* **AIM OF THE TASK**:
Return the data below exactly as given, except for the images.

* **DATASET EXTRACT**:

◆ ◆ ◆ ◆

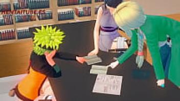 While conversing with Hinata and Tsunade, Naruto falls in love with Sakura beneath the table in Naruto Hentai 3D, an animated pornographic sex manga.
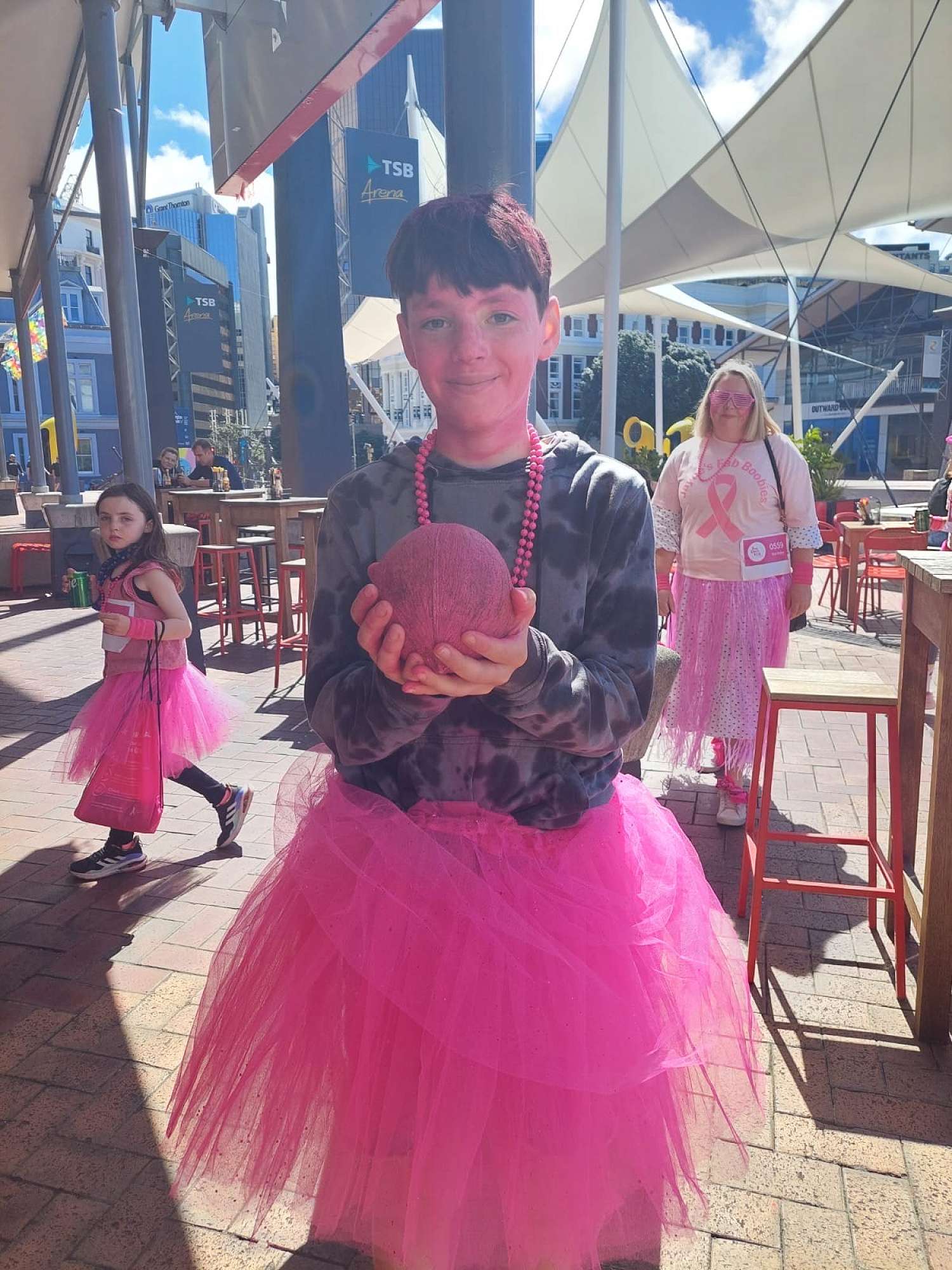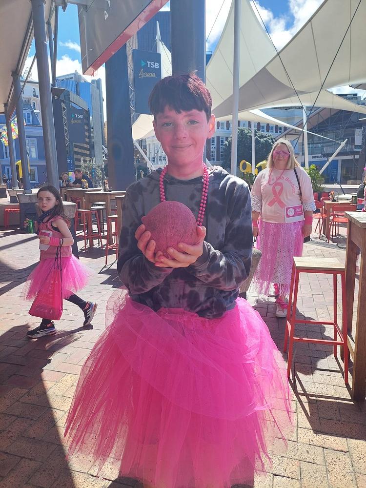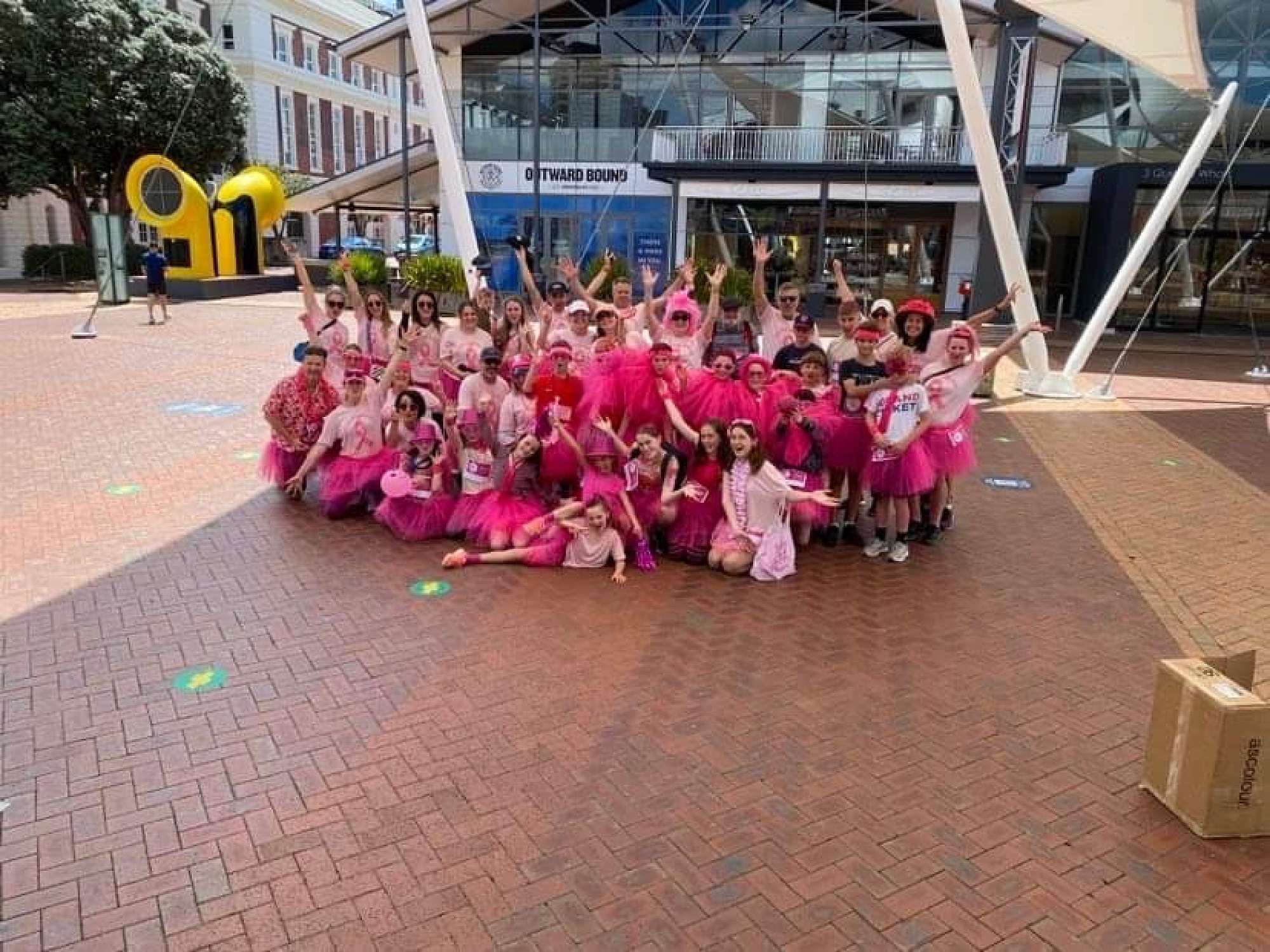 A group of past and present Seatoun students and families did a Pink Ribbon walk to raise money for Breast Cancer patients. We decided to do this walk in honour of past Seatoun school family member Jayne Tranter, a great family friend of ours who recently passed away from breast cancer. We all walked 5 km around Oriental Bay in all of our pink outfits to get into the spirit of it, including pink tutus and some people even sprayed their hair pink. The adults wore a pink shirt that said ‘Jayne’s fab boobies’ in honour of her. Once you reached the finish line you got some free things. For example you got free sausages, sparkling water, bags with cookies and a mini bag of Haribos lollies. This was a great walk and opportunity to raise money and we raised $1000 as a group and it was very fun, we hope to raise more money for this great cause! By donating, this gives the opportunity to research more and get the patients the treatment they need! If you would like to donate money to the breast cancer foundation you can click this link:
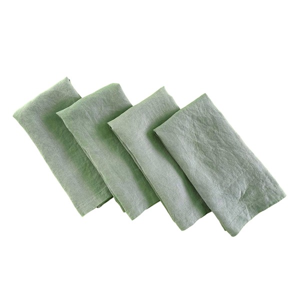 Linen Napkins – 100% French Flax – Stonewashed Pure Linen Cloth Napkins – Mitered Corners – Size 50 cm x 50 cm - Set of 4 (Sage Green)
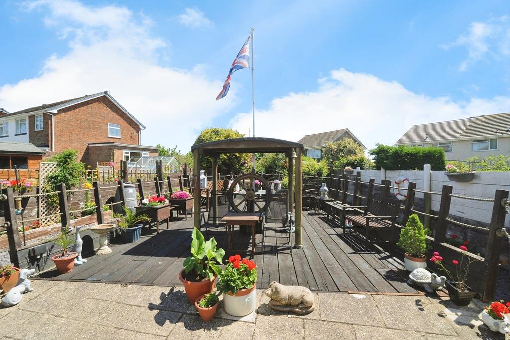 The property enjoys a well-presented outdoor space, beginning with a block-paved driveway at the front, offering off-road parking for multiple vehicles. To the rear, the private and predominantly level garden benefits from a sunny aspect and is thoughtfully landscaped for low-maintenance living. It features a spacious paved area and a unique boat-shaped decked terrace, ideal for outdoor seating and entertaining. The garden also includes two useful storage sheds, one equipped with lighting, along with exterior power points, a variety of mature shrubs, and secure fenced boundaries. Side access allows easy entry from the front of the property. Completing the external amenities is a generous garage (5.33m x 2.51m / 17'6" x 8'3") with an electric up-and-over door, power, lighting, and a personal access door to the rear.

◆ ◆ ◆ ◆

* **ANSWER AREA**:
 While conversing with Hinata and Tsunade, Naruto falls in love with Sakura beneath the table in Naruto Hentai 3D, an animated pornographic sex manga.
 A group of past and present Seatoun students and families did a Pink Ribbon walk to raise money for Breast Cancer patients. We decided to do this walk in honour of past Seatoun school family member Jayne Tranter, a great family friend of ours who recently passed away from breast cancer. We all walked 5 km around Oriental Bay in all of our pink outfits to get into the spirit of it, including pink tutus and some people even sprayed their hair pink. The adults wore a pink shirt that said ‘Jayne’s fab boobies’ in honour of her. Once you reached the finish line you got some free things. For example you got free sausages, sparkling water, bags with cookies and a mini bag of Haribos lollies. This was a great walk and opportunity to raise money and we raised $1000 as a group and it was very fun, we hope to raise more money for this great cause! By donating, this gives the opportunity to research more and get the patients the treatment they need! If you would like to donate money to the breast cancer foundation you can click this link:
 Linen Napkins – 100% French Flax – Stonewashed Pure Linen Cloth Napkins – Mitered Corners – Size 50 cm x 50 cm - Set of 4 (Sage Green)
 The property enjoys a well-presented outdoor space, beginning with a block-paved driveway at the front, offering off-road parking for multiple vehicles. To the rear, the private and predominantly level garden benefits from a sunny aspect and is thoughtfully landscaped for low-maintenance living. It features a spacious paved area and a unique boat-shaped decked terrace, ideal for outdoor seating and entertaining. The garden also includes two useful storage sheds, one equipped with lighting, along with exterior power points, a variety of mature shrubs, and secure fenced boundaries. Side access allows easy entry from the front of the property. Completing the external amenities is a generous garage (5.33m x 2.51m / 17'6" x 8'3") with an electric up-and-over door, power, lighting, and a personal access door to the rear.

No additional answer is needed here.